Natural gas prices are low — today, $2.02 MMBtu — and many coal plants are just not competitive on a fuel basis. That’s why Dynegy and NRG are retiring some of their coal plants that are uneconomic in the competitive power market. They are converting some other coal plants to natural gas. These corporate business decisions reflect today’s competitive market prices and reasonable near-term projections; the Clean Power Plan requirements, however, won’t take effect until 2023 at the earliest.

Electricity sales are down about 1 percent annually in Illinois due to energy efficiency. There’s a surplus of electric generating supply over demand here. That results in relatively low wholesale electricity market prices. That’s good for Illinois businesses and residents. That’s not so good for power plant owners.

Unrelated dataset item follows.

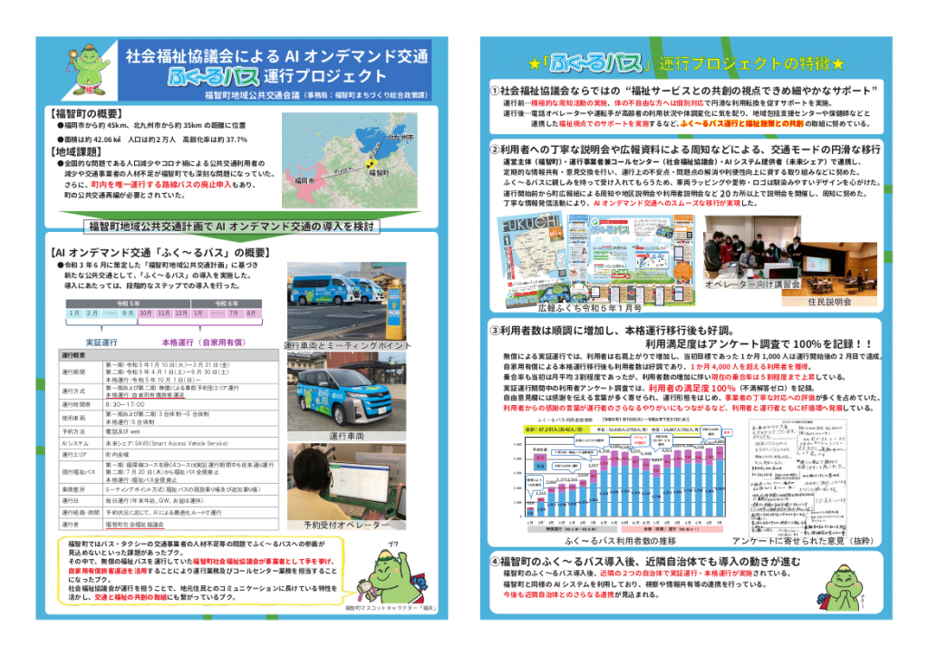 - 日本モビリティ・マネジメント会議(JCOMM):令和6年度JCOMM賞の受賞者:社会福祉協議会によるAIオンデマンド交通「ふく~るバス」運行プロジェクト
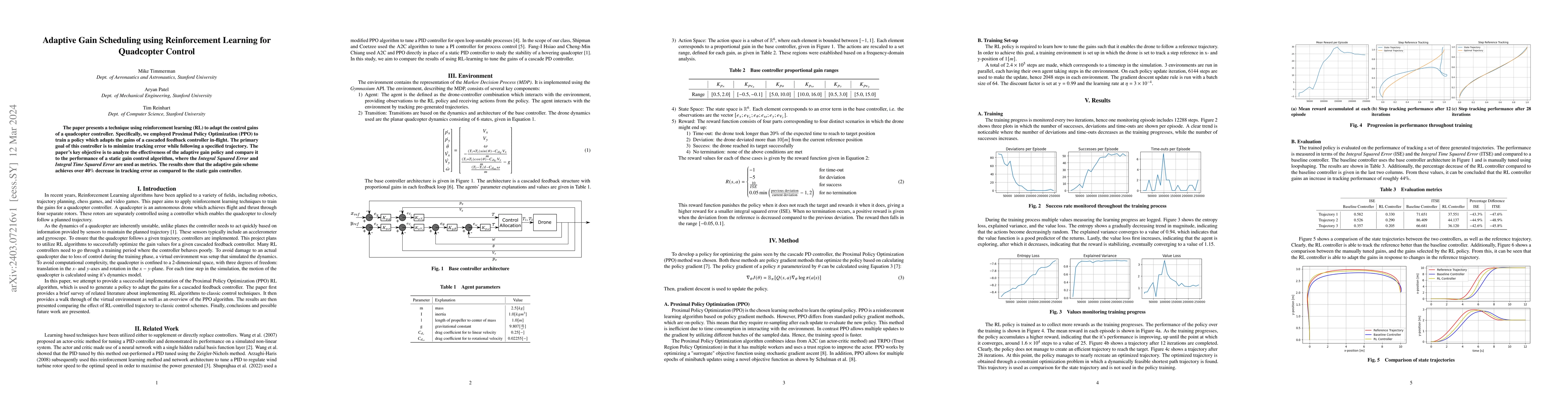 This paper uses reinforcement learning, specifically Proximal Policy Optimization, to dynamically adjust quadcopter control gains, achieving a 40% reduction in tracking error compared to static gain control, demonstrating improved performance.

The Illinois Department of Commerce and Economic Opportunity’s recent study determined that reaching renewable energy and energy efficiency targets already in state statutes would trigger creation of 9,600 new jobs by 2019. The study also found that investments in wind power and solar energy have “led to a dramatic increase in manufacturing jobs at renewable component manufacturers across Illinois from Peoria to Cicero, Clinton, Rockford, and Chicago.”

Illinois should benefit from cleaner air, clean jobs and economic growth that the Clean Power Plan will accelerate. Let’s be smart, move forward and seize these strategic opportunities for progress.

— Howard A. Learner is the executive director of the Environmental Law & Policy Center, an environmental quality and economic development advocacy organization headquartered in Chicago.